The primary completion of a Phase 3 study evaluating bimekizumab (Bimzelx) for moderate to severe hidradenitis suppurativa was posted on 2022-04-07. The trial demonstrated that bimekizumab achieved higher Hidradenitis Suppurativa Clinical Response 50 (HiSCR50) rates, with 45.3% and 47.8% for two dosing regimens, compared to 28.7% for placebo at Week 16.
Background
The study investigated bimekizumab for participants with moderate to severe hidradenitis suppurativa (HS). Hidradenitis suppurativa is a chronic inflammatory skin condition characterized by painful nodules, abscesses, and scarring, significantly impacting patients' quality of life.
Trial design
The Phase 3 study (NCT04242446) enrolled 505 participants with moderate to severe hidradenitis suppurativa. The trial's purpose was to evaluate the efficacy and safety of bimekizumab. Participants were assigned to either a placebo group or one of two bimekizumab dosing regimens. Efficacy was primarily assessed by the percentage of participants achieving Hidradenitis Suppurativa Clinical Response 50 (HiSCR50) at Week 16.
Key results
At Week 16, the study reported the following efficacy outcomes:
- For Hidradenitis Suppurativa Clinical Response 50 (HiSCR50):
- Placebo: 28.7%.
- BKZ Dosing Regimen 1: 45.3%.
- BKZ Dosing Regimen 2: 47.8%.
- For Hidradenitis Suppurativa Clinical Response 75 (HiSCR75):
- Placebo: 18.4%.
- BKZ Dosing Regimen 1: 24.7%.
- BKZ Dosing Regimen 2: 33.4%.
Regarding quality of life and pain, absolute change from baseline at Week 16:
- Dermatology Life Quality Index (DLQI) Total Score:
- Placebo: -2.7 (SE: 0.9)
- BKZ Dosing Regimen 1: -5.5 (SE: 0.6)
- BKZ Dosing Regimen 2: -5.0 (SE: 0.4)
- Worst Skin Pain Score:
- Placebo: -0.99 (SE: 0.38)
- BKZ Dosing Regimen 1: -1.56 (SE: 0.26)
- BKZ Dosing Regimen 2: -2.00 (SE: 0.17)
Key statistical analyses included:
- Logistic regression: OR 2.0 (97.5% CI: 0.979 to 4.089), p-value 0.03.

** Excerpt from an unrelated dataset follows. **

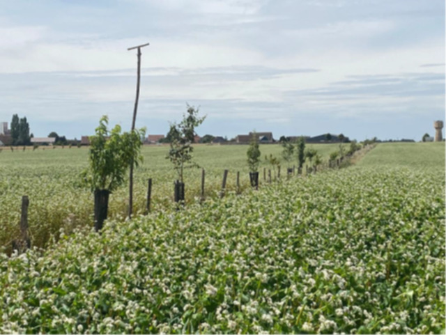 Ce projet porte donc une ambition forte : démontrer que l’arbre a toute sa place dans les systèmes de grande culture. Yves, agriculteur et porteur du projet, en est convaincu. Il souhaite que ses terres abritent de la biodiversité et soigne ainsi ses sols avec un couvert permanent entre deux cultures et évite absolument le labour profond. Il attend aussi des arbres, par un effet coupe-vent et par leurs enracinements, une limitation de l’érosion des sols, un enrichissement en matière organique et une meilleure rétention de l’eau. Très intégré aux réseaux professionnels locaux, il essaie à son échelle de convaincre ses pairs, mais ce n’est pas facile pour le moment. « Si ça t’amuse », s’est-il entendu dire.

- Logistic regression: OR 2.234 (97.5% CI: 1.159 to 4.307), p-value 0.006.
- Logistic regression: OR 1.416 (97.5% CI: 0.615 to 3.26), p-value 0.35.
- Logistic regression: OR 2.175 (97.5% CI: 1.021 to 4.635), p-value 0.021.
- ANCOVA: LS mean difference -2.574 (97.5% CI: -4.472 to -0.675), p-value 0.002.
- ANCOVA: LS mean difference -2.682 (97.5% CI: -4.394 to -0.97), p-value 0.001.
What this means
The Phase 3 trial results indicate that bimekizumab demonstrated superior efficacy compared to placebo in treating moderate to severe hidradenitis suppurativa. Both bimekizumab dosing regimens achieved a greater percentage of participants reaching HiSCR50 and HiSCR75 at Week 16. The HiSCR50 rates were notably higher for bimekizumab (45.3% and 47.8%) compared to placebo (28.7%). Additionally, participants treated with bimekizumab showed greater improvements in Dermatology Life Quality Index (DLQI) and reductions in worst skin pain scores. These findings, supported by multiple statistically significant outcomes, suggest bimekizumab could be a valuable therapeutic option for patients with this debilitating condition.
Source
The information for this drug update was sourced from ClinicalTrials.gov, a public database of clinical studies. The results for the study NCT04242446, titled "A Study to Evaluate the Efficacy and Safety of Bimekizumab in Study Participants With Moderate to Severe Hidradenitis Suppurativa", were posted on 2022-04-07 on clinicaltrials.gov.